= 1896 Cypriot legislative election =

Legislative elections were held in Cyprus between 4 and 6 November 1896.

==Electoral system==
The Legislative Council consisted of six official members appointed by the High Commissioner and twelve elected members, three of which were Muslims and nine of which were non-Muslims.

The island was divided into three constituencies, each formed of two districts. Each constituency elected one Muslim and three non-Muslims. Muslim voters had one vote, whilst non-Muslims could vote for up to three candidates. Due to the high levels of illiteracy, voting was not secret, with voters required to tell the polling officers their candidates of choice, which they were required to do in front of the candidates or their agents.

Suffrage was limited to men aged over 21 who had been permanent residents during the five years prior to the elections, and who had paid either the verghi tax (which was levied as an annual payment of one four-thousandth of a property's value, 4% of rental income or 3% on profits or salaries) or rent for a dwelling or shop within the last year. The number of registered voters for the non-Muslim seats increased from 10,030 in 1891 to 12,093, while the number of Muslim voters increased from 2,303 to 2,670.

==Campaign==
===Muslim===
The Larnaca–Famagusta constituency was contested by Evkaf official Ahmed Nafiz, lawyer Ahmed Mumtaz, Ahmed Naim and editor of the Zaman newspaper Ahmed Dervish.

The Limassol–Paphos constituency was contested by lawyer Ahmed Rashid Hadji Mehmet, landowner Emin Moustafa and merchant Hafuz Ramadan Eyoub.

The Nicosia–Kyrenia constituency was contested by incumbent MLC Hadji Hafuz Zyai, Mehmed Faik Bey, Abdullah Nadri and Hadji Halil Effendi Mehmed.

===Non-Muslim===
For the first time since the 1883 elections, all three non-Muslim seats were contested.

==Results==
===Muslim seats===
In the Muslim seats, 1,540 of the 2,670 registered voters voted.

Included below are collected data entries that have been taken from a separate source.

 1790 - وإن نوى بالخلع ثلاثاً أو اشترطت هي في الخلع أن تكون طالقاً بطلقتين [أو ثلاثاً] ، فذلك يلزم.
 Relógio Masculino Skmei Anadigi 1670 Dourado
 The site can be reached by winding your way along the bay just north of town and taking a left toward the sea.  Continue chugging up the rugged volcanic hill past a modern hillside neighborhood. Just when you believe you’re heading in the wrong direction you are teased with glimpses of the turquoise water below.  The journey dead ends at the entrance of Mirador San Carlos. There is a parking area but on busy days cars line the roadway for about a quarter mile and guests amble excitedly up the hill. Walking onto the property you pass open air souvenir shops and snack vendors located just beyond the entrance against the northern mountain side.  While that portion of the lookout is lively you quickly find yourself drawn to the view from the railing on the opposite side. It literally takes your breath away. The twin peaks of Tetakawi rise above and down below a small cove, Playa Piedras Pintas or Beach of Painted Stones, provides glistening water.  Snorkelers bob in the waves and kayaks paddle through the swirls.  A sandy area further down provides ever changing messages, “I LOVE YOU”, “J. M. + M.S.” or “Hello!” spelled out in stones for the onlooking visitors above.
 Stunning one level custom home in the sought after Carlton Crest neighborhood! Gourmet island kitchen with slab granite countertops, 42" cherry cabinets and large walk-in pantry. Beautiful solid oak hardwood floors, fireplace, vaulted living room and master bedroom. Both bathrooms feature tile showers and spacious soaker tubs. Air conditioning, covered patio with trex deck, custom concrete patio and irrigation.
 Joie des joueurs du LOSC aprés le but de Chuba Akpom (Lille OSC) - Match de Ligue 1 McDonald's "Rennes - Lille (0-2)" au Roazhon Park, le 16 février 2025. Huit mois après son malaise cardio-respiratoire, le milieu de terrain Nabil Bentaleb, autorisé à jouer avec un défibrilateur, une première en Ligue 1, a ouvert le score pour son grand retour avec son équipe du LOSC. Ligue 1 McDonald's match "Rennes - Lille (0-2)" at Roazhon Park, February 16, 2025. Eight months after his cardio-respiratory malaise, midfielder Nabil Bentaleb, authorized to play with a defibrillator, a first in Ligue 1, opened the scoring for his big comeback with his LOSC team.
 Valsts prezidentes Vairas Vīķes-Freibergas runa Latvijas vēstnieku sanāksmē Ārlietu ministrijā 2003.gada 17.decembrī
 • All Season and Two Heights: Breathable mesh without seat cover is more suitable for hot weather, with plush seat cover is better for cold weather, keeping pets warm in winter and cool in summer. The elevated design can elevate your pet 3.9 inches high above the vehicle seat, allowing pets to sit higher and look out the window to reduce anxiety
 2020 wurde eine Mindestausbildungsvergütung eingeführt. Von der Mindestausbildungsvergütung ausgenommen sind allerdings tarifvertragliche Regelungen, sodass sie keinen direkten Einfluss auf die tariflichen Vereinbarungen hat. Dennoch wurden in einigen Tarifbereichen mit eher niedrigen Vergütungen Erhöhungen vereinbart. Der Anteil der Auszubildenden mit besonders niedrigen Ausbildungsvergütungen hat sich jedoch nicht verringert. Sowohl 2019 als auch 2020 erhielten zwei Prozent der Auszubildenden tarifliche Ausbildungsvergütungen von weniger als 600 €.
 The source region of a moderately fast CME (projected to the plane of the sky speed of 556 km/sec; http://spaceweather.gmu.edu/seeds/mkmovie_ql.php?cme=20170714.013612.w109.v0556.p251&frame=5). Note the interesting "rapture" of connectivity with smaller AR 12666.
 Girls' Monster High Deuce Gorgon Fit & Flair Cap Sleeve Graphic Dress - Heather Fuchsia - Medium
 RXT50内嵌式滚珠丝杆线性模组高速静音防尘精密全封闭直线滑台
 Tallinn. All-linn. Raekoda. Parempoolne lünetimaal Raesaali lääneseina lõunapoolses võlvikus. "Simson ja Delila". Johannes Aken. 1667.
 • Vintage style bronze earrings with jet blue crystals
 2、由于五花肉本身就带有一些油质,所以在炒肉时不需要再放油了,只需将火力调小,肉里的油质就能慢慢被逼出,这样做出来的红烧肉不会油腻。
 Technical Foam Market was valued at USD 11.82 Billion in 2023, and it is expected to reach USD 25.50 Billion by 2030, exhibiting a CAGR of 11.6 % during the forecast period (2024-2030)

| Constituency | Elected member | Notes |
| Larnaca–Famagusta | Ahmed Dervish |  |
| Limassol–Paphos | Hafuz Ramadan Eyoub |  |
| Nicosia–Kyrenia | Hadji Hafuz Zyai | Re-elected |
Source: Cyprus Blue Book

===Non-Muslim seats===
Voting took place in Nicosia–Kyrenia on 4 November, in Larnaca–Famagusta on 5 and 6 November and in Limassol–Paphos on 6 November.

| Constituency | Candidate | Votes | % | Notes |
| Larnaca–Famagusta | Ioannis Economidis | 1,840 | 83.0 | Re-elected |
| Achillea Liasides | 1,686 | 76.0 | Re-elected |
| Ioannis Vontitsianos | 1,626 | 73.3 | Elected |
| Nikolaos Rossos | 781 | 35.2 | Unseated |
| O. Iasonidis | 186 | 8.4 |  |
| Limassol–Paphos | Onufrios Iasonidis | 385 | 70.1 | Elected |
| Kyrillos Papadopoulos | 371 | 67.7 | Elected |
| Socrates Fragoudis | 261 | 47.5 | Re-elected |
| Georgios Pavlidis | 231 | 42.1 | Unseated |
| Nicosia–Kyrenia | Theofanis Theodotou | 1,512 | 83.6 | Elected |
| Paschalis Constantinides | 1,488 | 82.3 | Re-elected |
| Yerasimo Christodulides | 1,463 | 80.9 | Elected |
| Miltiadis Siakallis | 433 | 23.9 |
| Total ballots cast |  | 4,575 |  |  |
| Registered voters/turnout |  | 12,093 | 37.83 |  |
Source: Protopapas

==Aftermath==
All non-Muslim elected members saw out their full five-year terms until the next elections in 1901.